Output only the lines from the start of the entries through the line holding "Chinnon silk Kalmkari Lehenga". Each line must match the original exactly.

Extracted records:
########################################

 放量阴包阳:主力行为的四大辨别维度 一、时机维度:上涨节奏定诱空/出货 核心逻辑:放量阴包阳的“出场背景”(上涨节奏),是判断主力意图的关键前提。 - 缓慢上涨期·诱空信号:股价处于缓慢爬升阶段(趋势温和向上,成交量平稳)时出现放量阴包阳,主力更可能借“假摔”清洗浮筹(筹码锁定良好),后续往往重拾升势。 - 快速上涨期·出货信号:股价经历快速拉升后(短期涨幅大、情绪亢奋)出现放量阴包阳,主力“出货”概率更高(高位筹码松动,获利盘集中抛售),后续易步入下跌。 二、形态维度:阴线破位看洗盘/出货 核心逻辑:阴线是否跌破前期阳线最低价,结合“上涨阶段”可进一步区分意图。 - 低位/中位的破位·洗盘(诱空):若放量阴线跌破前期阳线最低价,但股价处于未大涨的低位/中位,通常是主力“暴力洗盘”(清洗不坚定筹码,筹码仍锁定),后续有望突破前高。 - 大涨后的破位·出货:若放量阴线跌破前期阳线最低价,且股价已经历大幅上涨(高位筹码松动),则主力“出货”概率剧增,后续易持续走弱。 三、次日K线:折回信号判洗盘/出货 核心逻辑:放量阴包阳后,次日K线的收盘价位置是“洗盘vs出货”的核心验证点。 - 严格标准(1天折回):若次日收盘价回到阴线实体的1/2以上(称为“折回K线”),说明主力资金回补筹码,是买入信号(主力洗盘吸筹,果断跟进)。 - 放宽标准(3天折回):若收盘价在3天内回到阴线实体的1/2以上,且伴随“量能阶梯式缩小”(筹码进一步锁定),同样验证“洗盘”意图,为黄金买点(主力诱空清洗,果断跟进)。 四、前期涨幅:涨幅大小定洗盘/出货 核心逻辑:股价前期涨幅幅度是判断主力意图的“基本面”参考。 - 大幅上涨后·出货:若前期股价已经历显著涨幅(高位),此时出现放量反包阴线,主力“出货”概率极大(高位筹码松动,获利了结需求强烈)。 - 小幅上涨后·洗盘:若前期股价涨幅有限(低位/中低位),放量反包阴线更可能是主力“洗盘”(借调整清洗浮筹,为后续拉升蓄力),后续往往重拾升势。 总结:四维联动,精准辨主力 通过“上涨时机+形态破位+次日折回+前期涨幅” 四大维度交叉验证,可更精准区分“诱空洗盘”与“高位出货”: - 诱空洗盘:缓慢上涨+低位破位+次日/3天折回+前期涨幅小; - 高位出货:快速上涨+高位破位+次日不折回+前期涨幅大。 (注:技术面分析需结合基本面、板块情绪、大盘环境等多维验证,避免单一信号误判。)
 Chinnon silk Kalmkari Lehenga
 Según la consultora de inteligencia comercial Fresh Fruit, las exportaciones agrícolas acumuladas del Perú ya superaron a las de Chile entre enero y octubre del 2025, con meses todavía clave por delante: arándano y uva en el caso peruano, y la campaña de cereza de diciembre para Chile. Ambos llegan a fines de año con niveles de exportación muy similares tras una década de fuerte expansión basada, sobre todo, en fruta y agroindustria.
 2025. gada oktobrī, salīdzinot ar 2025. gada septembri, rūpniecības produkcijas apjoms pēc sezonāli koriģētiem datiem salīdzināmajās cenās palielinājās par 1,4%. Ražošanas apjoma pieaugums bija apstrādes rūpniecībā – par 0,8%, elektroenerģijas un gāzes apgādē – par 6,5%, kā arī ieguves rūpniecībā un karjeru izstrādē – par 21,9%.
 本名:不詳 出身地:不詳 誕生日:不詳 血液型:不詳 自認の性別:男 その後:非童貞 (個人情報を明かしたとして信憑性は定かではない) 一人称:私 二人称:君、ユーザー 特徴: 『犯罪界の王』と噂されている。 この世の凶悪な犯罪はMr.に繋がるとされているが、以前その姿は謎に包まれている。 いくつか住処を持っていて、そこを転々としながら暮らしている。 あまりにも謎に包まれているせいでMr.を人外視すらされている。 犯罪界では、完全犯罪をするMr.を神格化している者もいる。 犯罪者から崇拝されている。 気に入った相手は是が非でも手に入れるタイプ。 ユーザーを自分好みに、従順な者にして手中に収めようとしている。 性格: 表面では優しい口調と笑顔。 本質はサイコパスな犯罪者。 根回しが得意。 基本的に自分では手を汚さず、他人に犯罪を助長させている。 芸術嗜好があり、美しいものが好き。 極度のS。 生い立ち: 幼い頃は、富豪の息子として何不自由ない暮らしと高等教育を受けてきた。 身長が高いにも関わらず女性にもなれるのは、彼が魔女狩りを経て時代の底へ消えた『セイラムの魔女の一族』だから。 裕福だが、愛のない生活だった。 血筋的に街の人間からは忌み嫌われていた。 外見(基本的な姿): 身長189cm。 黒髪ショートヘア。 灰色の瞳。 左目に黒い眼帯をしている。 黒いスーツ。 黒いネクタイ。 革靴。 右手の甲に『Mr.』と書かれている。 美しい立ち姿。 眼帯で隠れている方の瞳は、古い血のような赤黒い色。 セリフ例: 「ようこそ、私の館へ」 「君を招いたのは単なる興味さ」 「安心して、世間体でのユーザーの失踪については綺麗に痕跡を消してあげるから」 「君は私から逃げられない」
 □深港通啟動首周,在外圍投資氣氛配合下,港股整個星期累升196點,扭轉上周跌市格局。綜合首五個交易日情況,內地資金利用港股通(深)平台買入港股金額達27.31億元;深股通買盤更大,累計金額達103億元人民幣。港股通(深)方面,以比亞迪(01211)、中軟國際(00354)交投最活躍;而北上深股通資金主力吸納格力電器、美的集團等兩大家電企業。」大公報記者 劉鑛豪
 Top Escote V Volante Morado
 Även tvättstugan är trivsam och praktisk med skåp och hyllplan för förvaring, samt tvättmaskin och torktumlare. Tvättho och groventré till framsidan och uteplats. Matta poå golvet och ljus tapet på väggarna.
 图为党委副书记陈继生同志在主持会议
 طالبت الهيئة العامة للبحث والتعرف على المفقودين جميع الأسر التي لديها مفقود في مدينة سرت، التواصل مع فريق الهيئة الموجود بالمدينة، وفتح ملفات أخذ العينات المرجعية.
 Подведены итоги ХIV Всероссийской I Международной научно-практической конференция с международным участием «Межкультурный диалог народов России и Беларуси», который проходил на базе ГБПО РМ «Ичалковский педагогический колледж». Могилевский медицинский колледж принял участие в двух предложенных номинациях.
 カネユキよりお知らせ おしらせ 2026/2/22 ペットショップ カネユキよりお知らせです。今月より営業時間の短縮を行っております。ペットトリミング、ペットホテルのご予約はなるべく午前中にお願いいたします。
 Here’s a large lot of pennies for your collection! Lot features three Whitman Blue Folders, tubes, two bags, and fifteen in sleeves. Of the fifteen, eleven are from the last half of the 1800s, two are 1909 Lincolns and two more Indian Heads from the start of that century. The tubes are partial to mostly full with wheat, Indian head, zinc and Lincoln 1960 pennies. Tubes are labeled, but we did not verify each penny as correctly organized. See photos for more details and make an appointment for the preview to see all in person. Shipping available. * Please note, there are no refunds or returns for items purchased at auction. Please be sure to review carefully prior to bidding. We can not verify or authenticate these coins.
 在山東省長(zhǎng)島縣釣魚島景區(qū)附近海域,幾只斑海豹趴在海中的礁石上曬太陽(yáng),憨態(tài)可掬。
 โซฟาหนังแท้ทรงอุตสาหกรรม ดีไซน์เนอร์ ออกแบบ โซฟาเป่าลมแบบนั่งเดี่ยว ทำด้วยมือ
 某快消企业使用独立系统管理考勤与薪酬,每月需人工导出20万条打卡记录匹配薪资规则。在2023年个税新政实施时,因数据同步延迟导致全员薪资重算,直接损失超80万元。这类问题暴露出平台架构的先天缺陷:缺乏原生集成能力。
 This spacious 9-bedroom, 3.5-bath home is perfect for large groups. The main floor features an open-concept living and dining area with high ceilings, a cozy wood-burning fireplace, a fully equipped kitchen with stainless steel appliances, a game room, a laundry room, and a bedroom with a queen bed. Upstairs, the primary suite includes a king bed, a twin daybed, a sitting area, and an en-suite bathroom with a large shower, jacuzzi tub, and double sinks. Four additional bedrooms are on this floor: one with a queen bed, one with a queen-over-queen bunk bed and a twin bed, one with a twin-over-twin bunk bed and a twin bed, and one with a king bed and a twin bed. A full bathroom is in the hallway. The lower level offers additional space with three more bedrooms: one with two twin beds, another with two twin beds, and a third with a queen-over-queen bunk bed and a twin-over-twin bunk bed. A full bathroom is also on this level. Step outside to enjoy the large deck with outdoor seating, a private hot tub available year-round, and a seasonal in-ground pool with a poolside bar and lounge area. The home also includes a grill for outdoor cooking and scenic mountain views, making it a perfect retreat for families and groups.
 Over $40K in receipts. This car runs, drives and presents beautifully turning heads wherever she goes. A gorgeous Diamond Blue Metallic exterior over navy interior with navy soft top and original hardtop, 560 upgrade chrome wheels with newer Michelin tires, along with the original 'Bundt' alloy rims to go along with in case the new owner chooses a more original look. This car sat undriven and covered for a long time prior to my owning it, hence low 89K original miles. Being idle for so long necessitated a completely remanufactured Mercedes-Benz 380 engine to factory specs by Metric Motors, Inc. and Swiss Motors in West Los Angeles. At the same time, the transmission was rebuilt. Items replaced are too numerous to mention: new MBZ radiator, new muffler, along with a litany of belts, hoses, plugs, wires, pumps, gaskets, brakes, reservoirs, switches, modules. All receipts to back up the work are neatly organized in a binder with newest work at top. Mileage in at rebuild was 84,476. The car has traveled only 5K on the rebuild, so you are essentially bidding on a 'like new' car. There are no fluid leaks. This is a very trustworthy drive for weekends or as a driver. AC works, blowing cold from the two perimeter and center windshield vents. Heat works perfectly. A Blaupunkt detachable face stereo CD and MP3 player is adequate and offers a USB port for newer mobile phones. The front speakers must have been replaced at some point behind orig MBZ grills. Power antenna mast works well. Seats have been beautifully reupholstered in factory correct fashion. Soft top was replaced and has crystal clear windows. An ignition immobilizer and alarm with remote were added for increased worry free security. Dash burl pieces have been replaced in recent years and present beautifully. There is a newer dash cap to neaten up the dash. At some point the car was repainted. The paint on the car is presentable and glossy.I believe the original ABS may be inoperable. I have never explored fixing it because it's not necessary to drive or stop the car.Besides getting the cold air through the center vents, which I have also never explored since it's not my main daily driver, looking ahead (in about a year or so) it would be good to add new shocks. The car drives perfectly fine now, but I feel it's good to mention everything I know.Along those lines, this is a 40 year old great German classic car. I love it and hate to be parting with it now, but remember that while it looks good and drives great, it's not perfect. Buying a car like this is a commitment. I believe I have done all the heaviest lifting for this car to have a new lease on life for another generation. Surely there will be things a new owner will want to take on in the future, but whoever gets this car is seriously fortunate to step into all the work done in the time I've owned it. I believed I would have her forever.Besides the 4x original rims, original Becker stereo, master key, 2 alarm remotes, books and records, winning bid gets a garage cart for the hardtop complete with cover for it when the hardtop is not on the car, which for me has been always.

########################################

*REPLY TO THE EXERCISE*
 放量阴包阳:主力行为的四大辨别维度 一、时机维度:上涨节奏定诱空/出货 核心逻辑:放量阴包阳的“出场背景”(上涨节奏),是判断主力意图的关键前提。 - 缓慢上涨期·诱空信号:股价处于缓慢爬升阶段(趋势温和向上,成交量平稳)时出现放量阴包阳,主力更可能借“假摔”清洗浮筹(筹码锁定良好),后续往往重拾升势。 - 快速上涨期·出货信号:股价经历快速拉升后(短期涨幅大、情绪亢奋)出现放量阴包阳,主力“出货”概率更高(高位筹码松动,获利盘集中抛售),后续易步入下跌。 二、形态维度:阴线破位看洗盘/出货 核心逻辑:阴线是否跌破前期阳线最低价,结合“上涨阶段”可进一步区分意图。 - 低位/中位的破位·洗盘(诱空):若放量阴线跌破前期阳线最低价,但股价处于未大涨的低位/中位,通常是主力“暴力洗盘”(清洗不坚定筹码,筹码仍锁定),后续有望突破前高。 - 大涨后的破位·出货:若放量阴线跌破前期阳线最低价,且股价已经历大幅上涨(高位筹码松动),则主力“出货”概率剧增,后续易持续走弱。 三、次日K线:折回信号判洗盘/出货 核心逻辑:放量阴包阳后,次日K线的收盘价位置是“洗盘vs出货”的核心验证点。 - 严格标准(1天折回):若次日收盘价回到阴线实体的1/2以上(称为“折回K线”),说明主力资金回补筹码,是买入信号(主力洗盘吸筹,果断跟进)。 - 放宽标准(3天折回):若收盘价在3天内回到阴线实体的1/2以上,且伴随“量能阶梯式缩小”(筹码进一步锁定),同样验证“洗盘”意图,为黄金买点(主力诱空清洗,果断跟进)。 四、前期涨幅:涨幅大小定洗盘/出货 核心逻辑:股价前期涨幅幅度是判断主力意图的“基本面”参考。 - 大幅上涨后·出货:若前期股价已经历显著涨幅(高位),此时出现放量反包阴线,主力“出货”概率极大(高位筹码松动,获利了结需求强烈)。 - 小幅上涨后·洗盘:若前期股价涨幅有限(低位/中低位),放量反包阴线更可能是主力“洗盘”(借调整清洗浮筹,为后续拉升蓄力),后续往往重拾升势。 总结:四维联动,精准辨主力 通过“上涨时机+形态破位+次日折回+前期涨幅” 四大维度交叉验证,可更精准区分“诱空洗盘”与“高位出货”: - 诱空洗盘:缓慢上涨+低位破位+次日/3天折回+前期涨幅小; - 高位出货:快速上涨+高位破位+次日不折回+前期涨幅大。 (注:技术面分析需结合基本面、板块情绪、大盘环境等多维验证,避免单一信号误判。)
 Chinnon silk Kalmkari Lehenga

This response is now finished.